InNOVAtion (aka Science Rocks) draws nearly 600

Public outreach will be a big part of the Sanford Underground Laboratory at Homestake, and it has already started. An event here July 12 drew almost 600 visitors, thanks to thorough and expert promotion by South Dakota Public Broadcasting, which was a co-sponsor of InNOVAtion. In fact, SDPB dreamed up the Saturday morning event. The popular science series NOVA also helped. (Hence, InNOVAtion.)

The event included two presentations by NOVA producer Julia Cort, who talked about raising obelisks in Egypt and hunting “dark matter” in Minnesota. Sanford Lab director Dr. Jose Alonso went into more detail about dark matter and neutrinos. Dr. Cynthia Anderson of Black Hills State University talked about looking for strange life forms deep underground at Homestake. Duane Ennis, a former Homestake gold miner who is helping re-open the mine for science, talked about Homestake’s unique underground culture.
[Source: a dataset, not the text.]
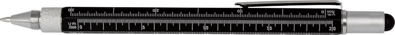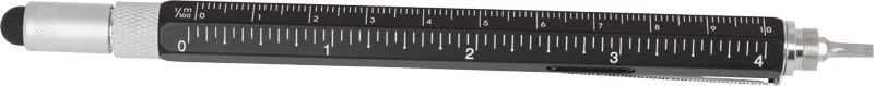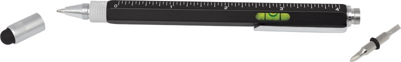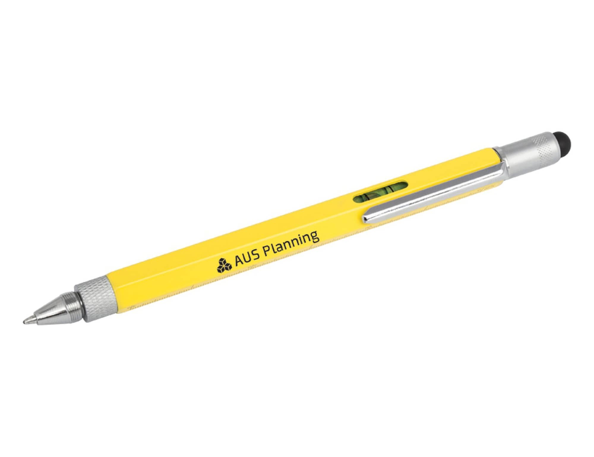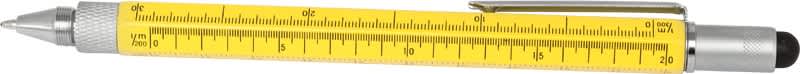 This top of the range metal 9-in-1 pocket tool incorporates a pen, stylus, 4 rulers, spirit level, phillips and flat edge screwdriver all in a useful stylus pen. Available in black, blue or yellow, all with silver trim.

Visitors to InNOVAtion also saw videos and displays. They got to participate in hands-on experiments, both in the dry and in the state’s Science on the Move semi-trailer. More than 450 visitors went on walking tours of the Yates Hoist Room. For a first-person account from an actual visitor, see the Black Hills Pioneer. Click the “more” button for more photos. 

Why they call it a “dry.” 

The Yates Dry was a locker room for the Homestake miners who descended to work down the Yates shaft. (The Ross shaft had its own dry.) It was called a dry because after a shift deep underground, where rock temperatures can reach 135 degrees, miners’ clothes were soaking wet. The dry was kept hot, so clothes would dry overnight. (In the Yates there were even hangers on pulleys, so wet mine clothes could be pulled up to the hottest part of the big locker rooms.)